→ **WHAT YOU NEED TO DO**
Exactly the lines below from the line with "Knielanger schwarzer Mantel" through the line with "Copo Infantil 550ml" must make up the answer, both ends included and pictures left out.

→ **GIVEN RECORDS**
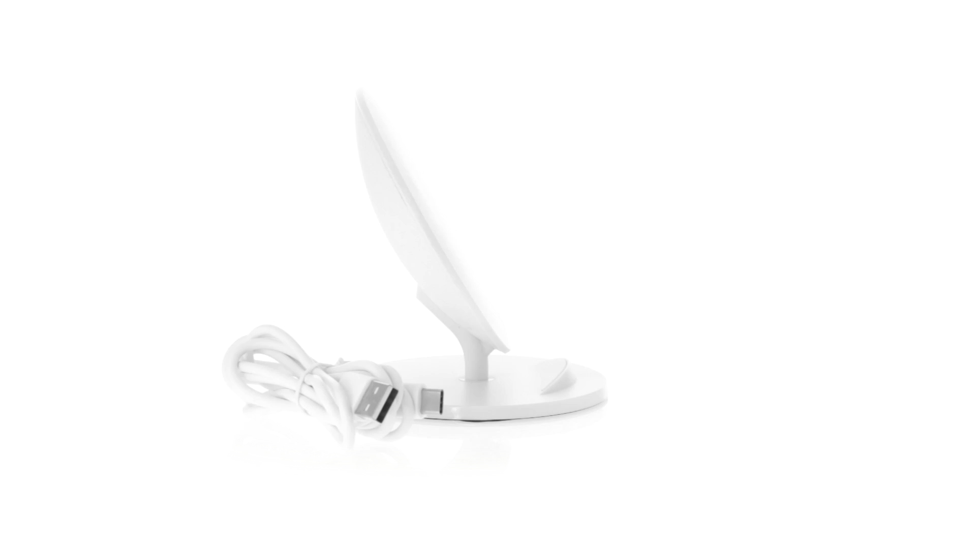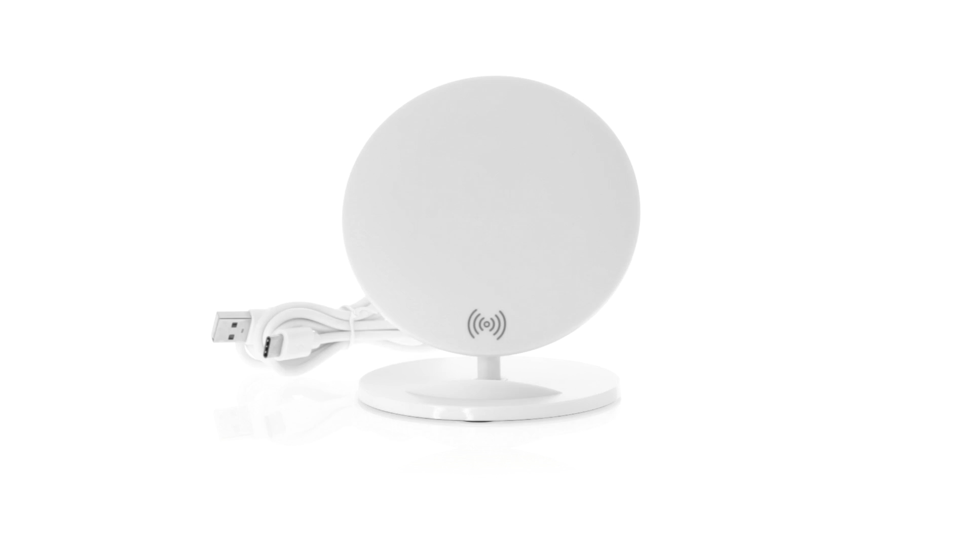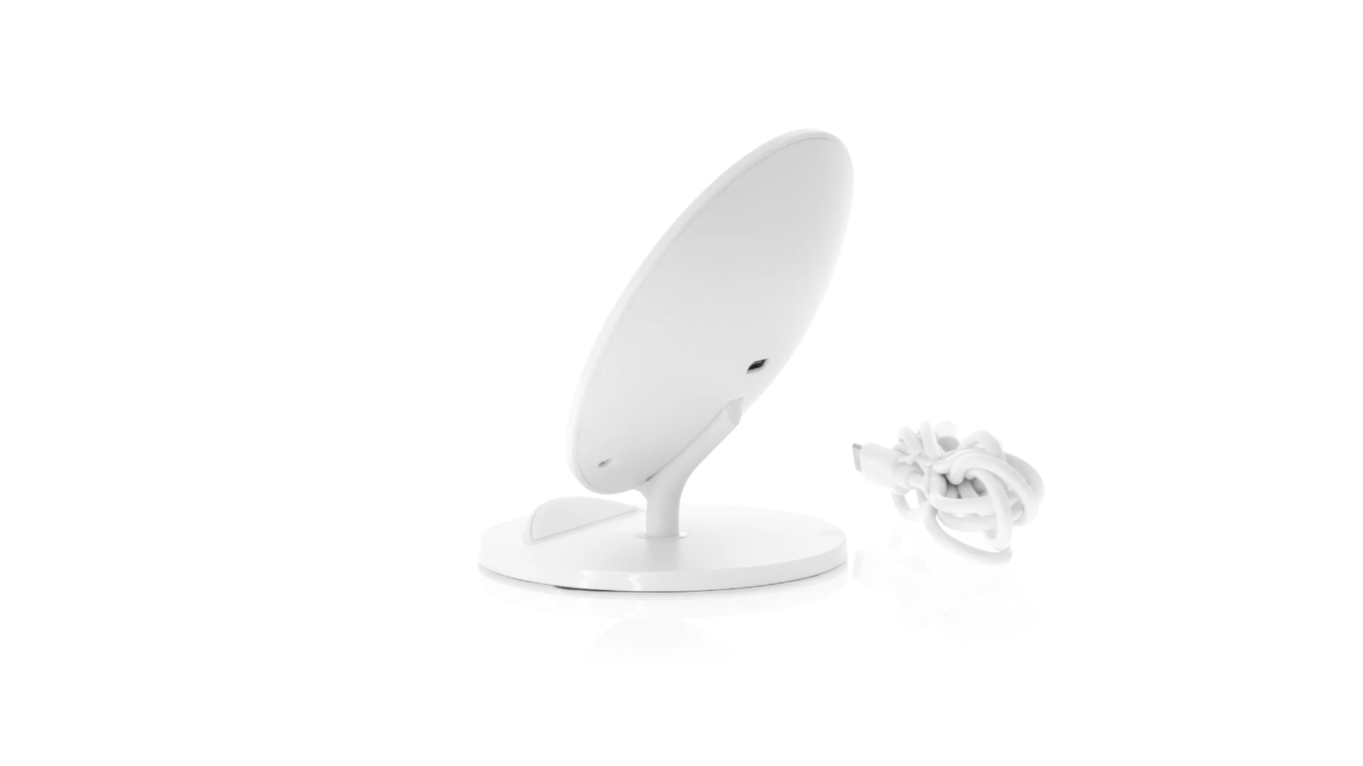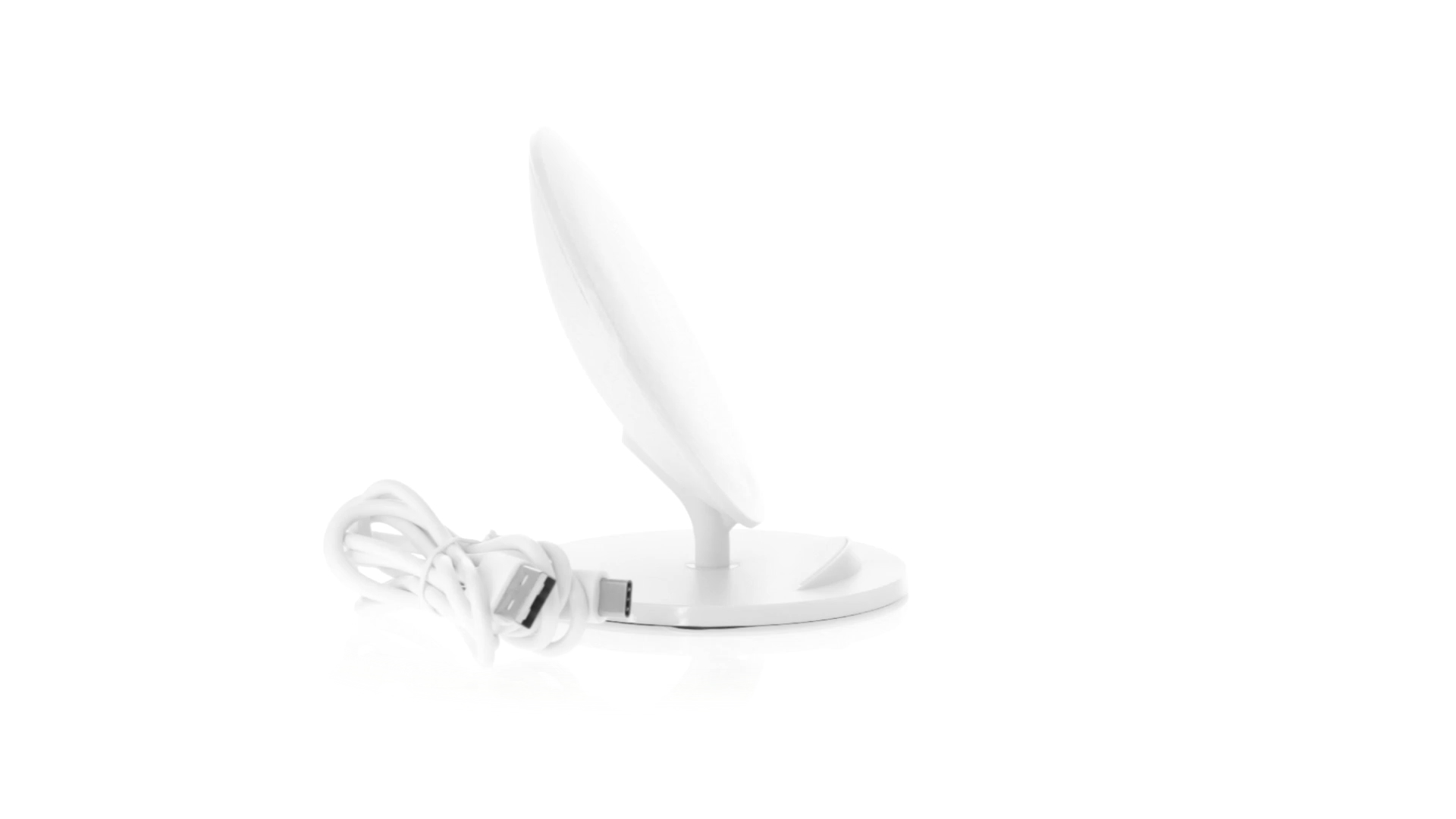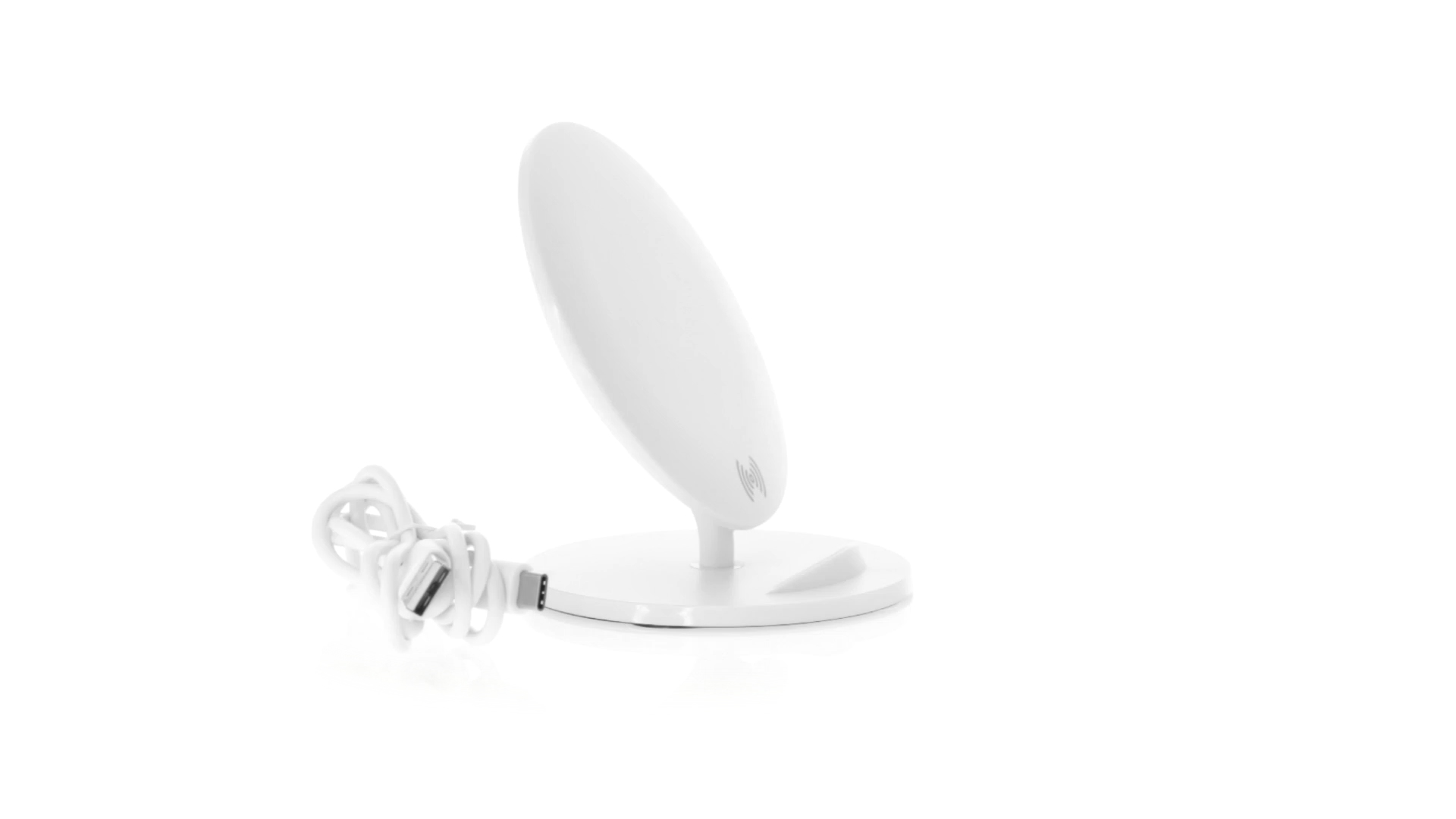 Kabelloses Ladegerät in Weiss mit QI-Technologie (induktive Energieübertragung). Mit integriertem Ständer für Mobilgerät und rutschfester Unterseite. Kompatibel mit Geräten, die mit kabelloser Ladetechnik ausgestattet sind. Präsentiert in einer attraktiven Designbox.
--
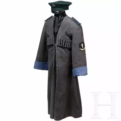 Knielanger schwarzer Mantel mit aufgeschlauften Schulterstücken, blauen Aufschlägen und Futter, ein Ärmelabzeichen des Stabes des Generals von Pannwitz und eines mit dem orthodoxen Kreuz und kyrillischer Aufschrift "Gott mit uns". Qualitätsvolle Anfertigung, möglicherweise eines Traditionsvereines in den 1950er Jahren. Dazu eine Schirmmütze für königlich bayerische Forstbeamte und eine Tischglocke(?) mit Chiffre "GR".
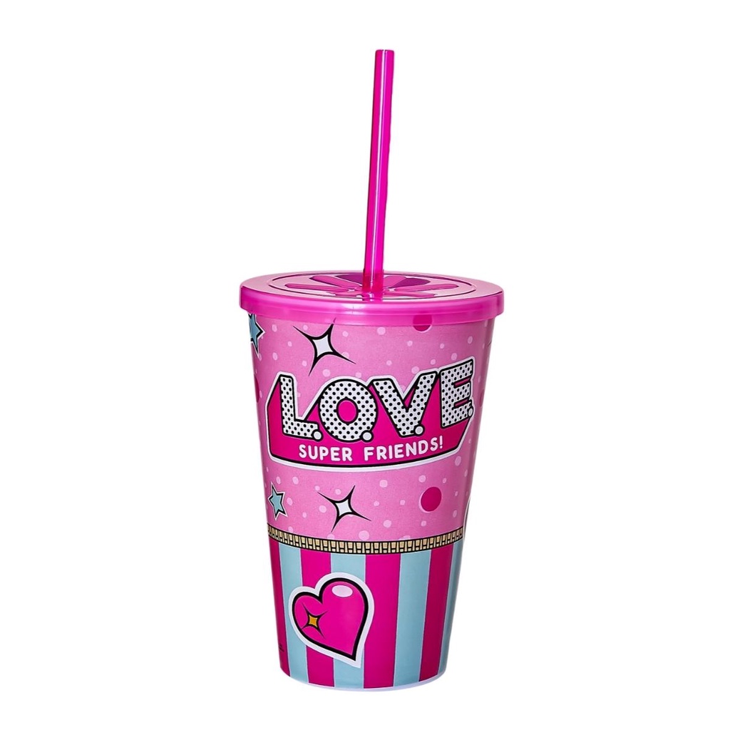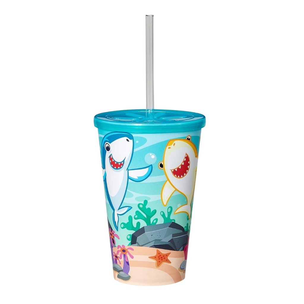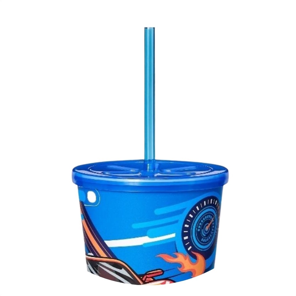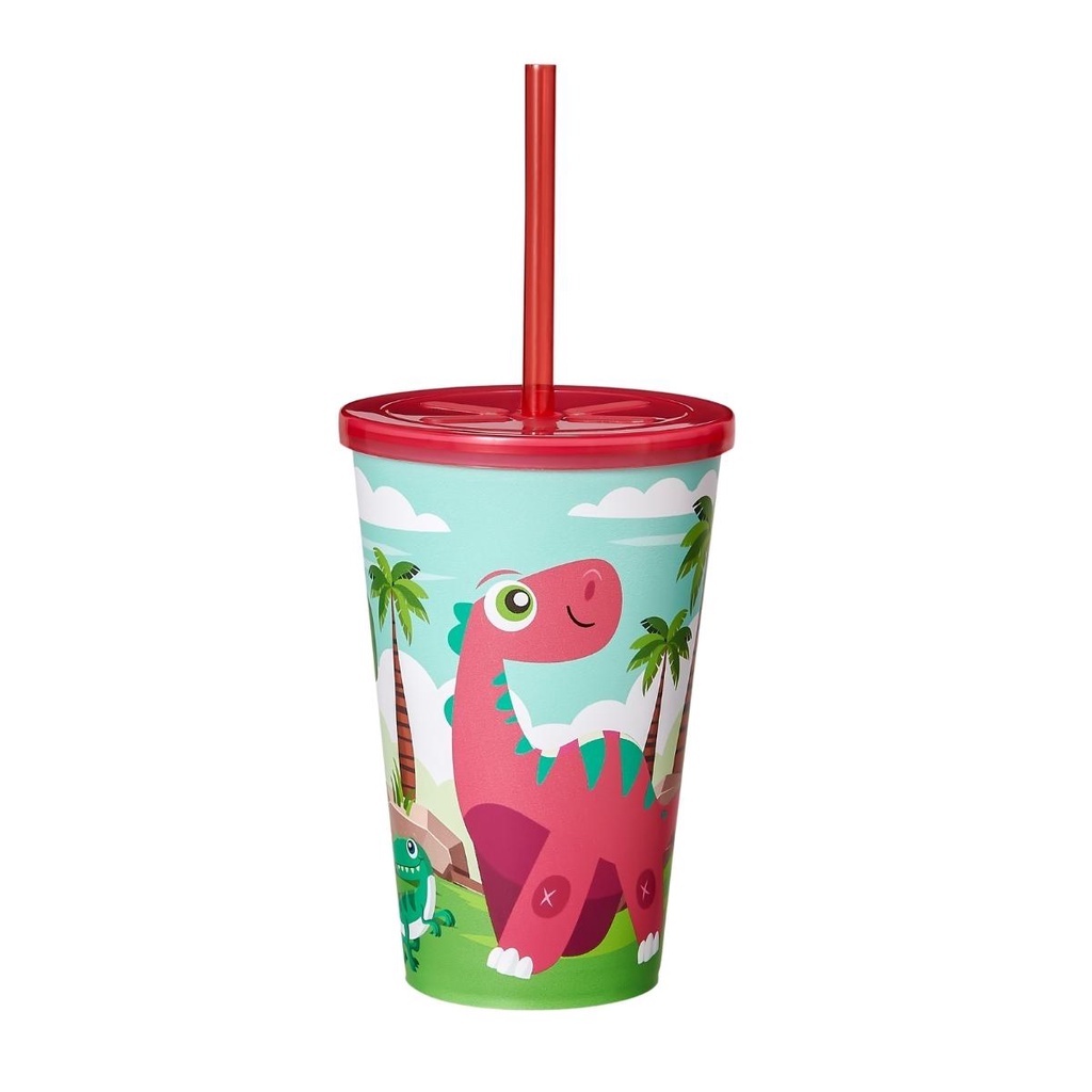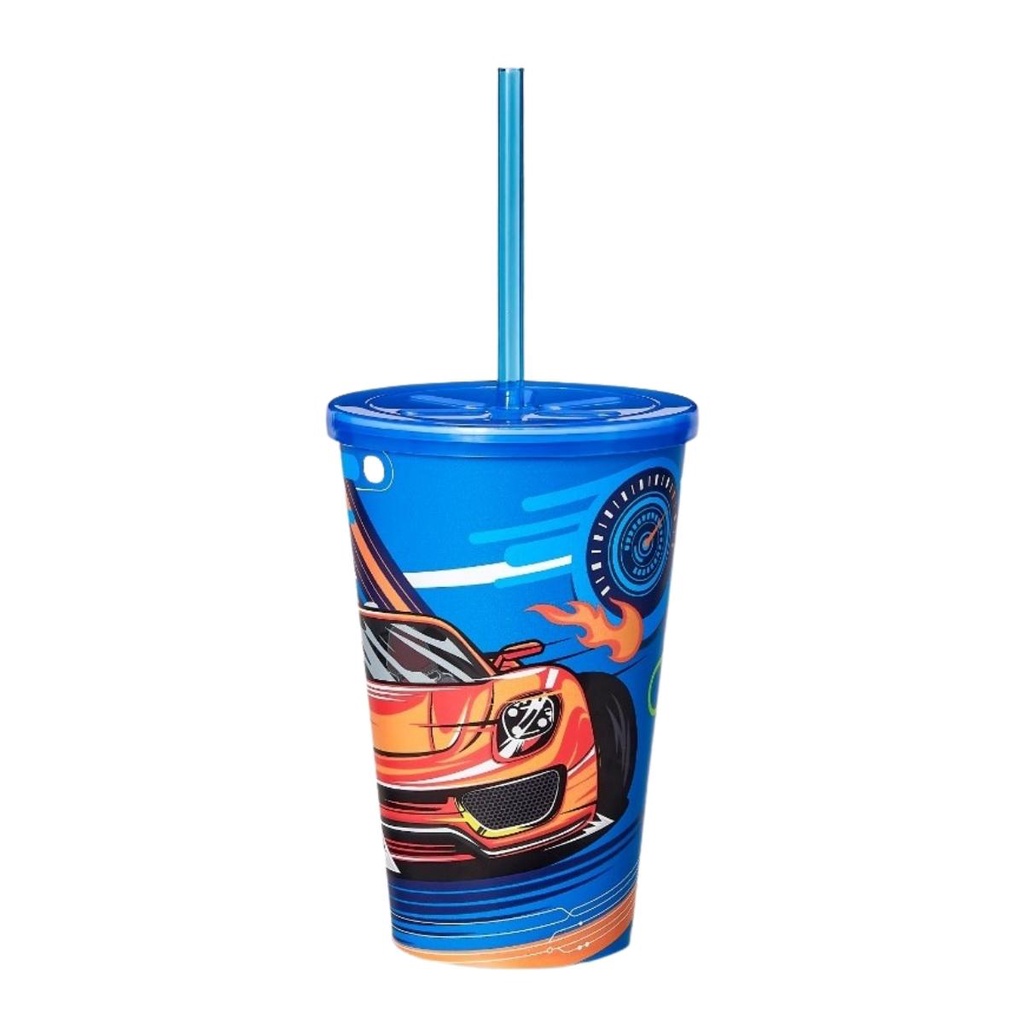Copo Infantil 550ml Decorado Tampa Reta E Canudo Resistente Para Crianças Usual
...
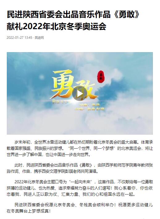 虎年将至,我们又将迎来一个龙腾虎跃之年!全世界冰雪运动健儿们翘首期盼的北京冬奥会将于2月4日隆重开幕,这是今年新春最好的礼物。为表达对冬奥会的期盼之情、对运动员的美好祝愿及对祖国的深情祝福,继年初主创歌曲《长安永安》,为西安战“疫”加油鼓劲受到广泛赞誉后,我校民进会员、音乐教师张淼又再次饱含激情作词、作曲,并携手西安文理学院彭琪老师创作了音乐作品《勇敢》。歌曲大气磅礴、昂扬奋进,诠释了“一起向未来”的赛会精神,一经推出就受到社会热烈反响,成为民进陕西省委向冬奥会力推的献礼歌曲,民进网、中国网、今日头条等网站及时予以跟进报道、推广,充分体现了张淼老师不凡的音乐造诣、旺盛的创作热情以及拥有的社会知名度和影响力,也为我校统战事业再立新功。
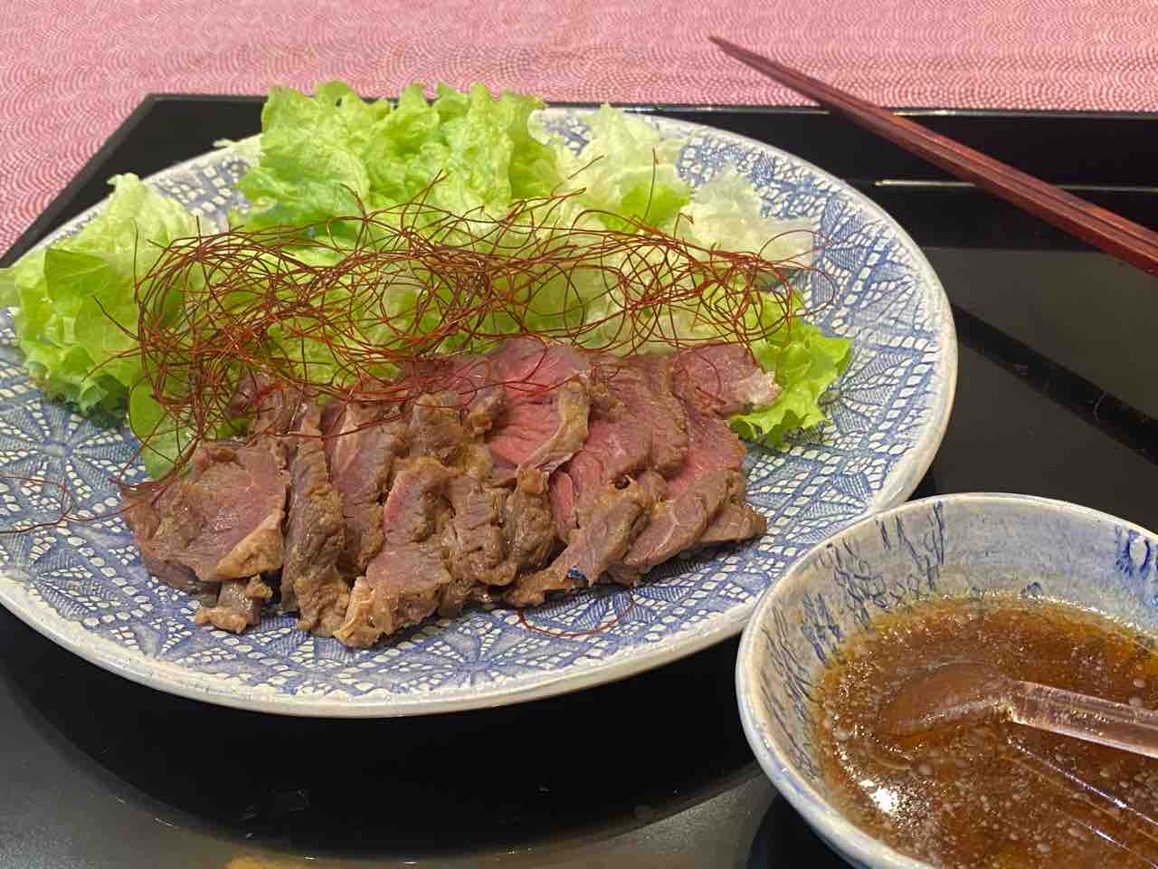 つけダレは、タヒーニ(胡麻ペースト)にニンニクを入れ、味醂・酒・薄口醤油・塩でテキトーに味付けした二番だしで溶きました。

→ **OUTPUT OF THE EXERCISE**
 Knielanger schwarzer Mantel mit aufgeschlauften Schulterstücken, blauen Aufschlägen und Futter, ein Ärmelabzeichen des Stabes des Generals von Pannwitz und eines mit dem orthodoxen Kreuz und kyrillischer Aufschrift "Gott mit uns". Qualitätsvolle Anfertigung, möglicherweise eines Traditionsvereines in den 1950er Jahren. Dazu eine Schirmmütze für königlich bayerische Forstbeamte und eine Tischglocke(?) mit Chiffre "GR".
Copo Infantil 550ml Decorado Tampa Reta E Canudo Resistente Para Crianças Usual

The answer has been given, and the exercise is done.